Ensuite nous allons sur l’Ile St-Pierre. Ici nous apprenons que c’était une fois la plus grande île de la Suisse, jusqu’à la 2ième correction des eaux du Jura, qui a eu comme conséquence que le niveau du lac de Bienne s’est baissé de 2m et a fait surgir de l’eau le passage qui mène d’Erlach vers l’île. L’île est très verte, de la visiter en vélo est idéal. L’ancien cloître, où Jean-Jacques Rousseau vécu pendant 6 mois, est aujourd’hui un hôtel. L’après-midi nous pédalons le long du lac de Bienne à Lüscherz et jusqu’à l’impressionnante centrale hydroélectrique de Hagneck.

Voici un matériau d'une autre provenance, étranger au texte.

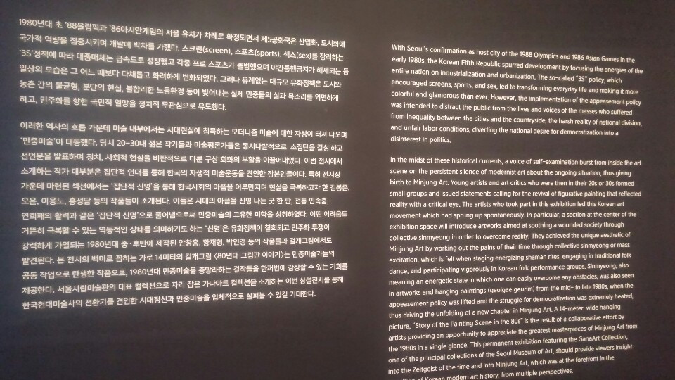 1980년대 초 ’88올림픽과 ’86아시안게임의 서울 유치가 차례로 확정되면서 제5공화국은 산업화, 도시화에 국가적 역량을 집중시키며 개발에 박차를 가했다. 스크린(screen), 스포츠(sports), 섹스(sex)를 장려하는 3S정책에 따라 대중매체는 급속도로 성장했고 각종 프로 스포츠가 출범했으며 야간통행금지가 해제되는 등 일상의 모습은 그 어느 때보다 다채롭고 화려하게 변화되었다. 그러나 유례없는 대규모 유화정책은 도시와 농촌 간의 불균형, 분단의 현실, 불합리한 노동환경 등이 빚어내는 실제 민중들의 삶과 목소리를 외면하게 하고, 민주화를 향한 국민적 열망을 정치적 무관심으로 유도했다. 이러한 역사의 흐름 가운데 미술 내부에서는 시대현실에 침묵하는 모더니즘 미술에 대한 자성이 터져 나오며 ‘민중미술’이 태동했다.

Ici nous quittons le lac et suivons le canal Hagneck – et espérons de trouver bientôt un bistrot pour manger une glace. Mais il faut encore beaucoup de patience… seulement à Müntschemier, après des kilomètres à travers les champs de fruits et légumes du ‘Seeland’, nous trouvons une terrasse ensoleillée et une bonne glace qui est encore meilleure puisqu’il fallait l’attendre longtemps… Ensuite nous rendons les vélos à Ins. D’ailleurs, on est très contents des vélos loués aux CFF. Nous clôturons cette magnifique journée avec un très bon repas et un excellent vin rouge, Cabernet Franc 2015 (Grillette Vin de Cressier, NE) au restaurant Murtenhof à Morat. Dans une petite pension au centre de Morat nous dormons ensuite comme des marmottes… et le samedi matin je suis très contente que je ne dois pas remonter sur le vélo, parce que j’ai mal aux fesses.